In probability theory and statistics, the median is a number. This number has the property that it divides a set of observed values in two equal halves, so that half of the values are below it, and half are above.
If there are a finite number of elements, the median is easy to find. The values need to be arranged in a list, lowest to highest. If there is an odd number of values, the median is the one at position <math>(n+1)/2</math>. For example, if there are 13 values, they can be arranged into two groups of 6, with the median in between, at position 7. With an even number of values, as there is no single number which divides all of the numbers to two halves, the median is defined as the mean of the two central elements. With 14 observations, this would be the mean of elements 7 and 8, which is their sum divided by 2.
Alternatively, the median of an even-sized list is sometimes defined as either of the two middle elements; the choice being either (a) always the smallest one, (b) always the largest one, or (c) randomly choose between the two. This alternative definition has two important advantages: it guarantees that the median is always a list element (e.g., a list of integers will never have a fractional median), and it guarantees that the median exists for any ordinal-valued data. On the other hand, when one of the choices (a) or (b) is taken, the median of a sample will be biased, which is an unwanted property of a statistical estimator. Definition (c) does not have that disadvantage, but it is more difficult to do. It also has the disadvantage that the same list of values does not have a well-defined, deterministic median.
Median and mean
Median and mean are different in several ways. Mean is a better measure in many cases, because many of the statistical tests can use mean and standard deviation of two observations to compare them, while the same comparison cannot be performed using the medians.
Median is more useful when the variance of the values is not important and we only need a central measure of the values. If the maximum value of a set of numbers changes while the other numbers of this set are kept the same, the mean of this set of numbers changes, but the median does not.
Another advantage of median is that it can be calculated sooner when we are studying survival data. For example, a researcher can calculate the median survival of patients with a kidney transplant, when half the patients participated in his study die. Calculate the mean survival requires continuing the study and following all the patients until their death.
Suppose you want to know how many jelly beans most people in the room have. Let's say there are five people in the room:
- Person 1 (7 jelly beans), Person 2 (8 jelly beans), Person 3 (9 jelly beans), Person 4 (10 jelly beans), Person 5 (11 jelly beans)
- To calculate the mean you would add the total number of jelly beans (45) and divide by the number of people (5): the mean is 9 jelly beans per person.
- To calculate the median, you line up amounts of jelly beans (7, 8, 9, 10, 11), and choose the middle number: the median is also 9 jelly beans.
The results change a lot when you have a bigger range of numbers. Let's imagine a different group of five people:
- Person 1 (8 jelly beans), Person 2 (8 jelly beans), Person 3 (9 jelly beans), Person 4 (10 jelly beans), Person 5 (50 jelly beans)

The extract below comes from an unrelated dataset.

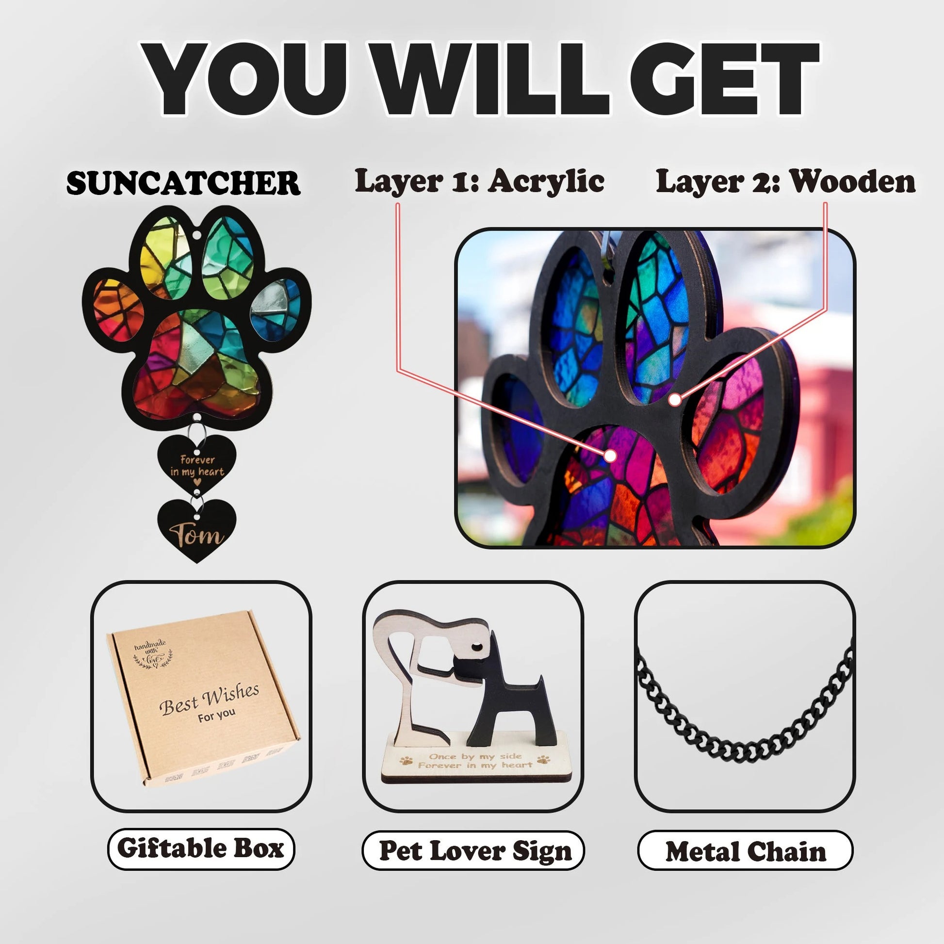 🌈 Rainbow Bridge Pet Paw Suncatcher – Dog Loss Sympathy Gift

- To calculate the mean you would add the total number of jelly beans (85) and divide by the number of people (5): the mean is now 17 jelly beans per person.
- To calculate the median, you line up amounts of jelly beans (8, 8, 9, 10, 50), and choose the middle number: the median is still 9 jelly beans.
In this second case, the mean gives you a poor understanding how many jelly beans most people have (10 or less). The median gives you a better idea of the number of jelly beans most people have. If you wanted to divide up the number of jelly beans equally, however, you would use the mean. The median is basically the middle number.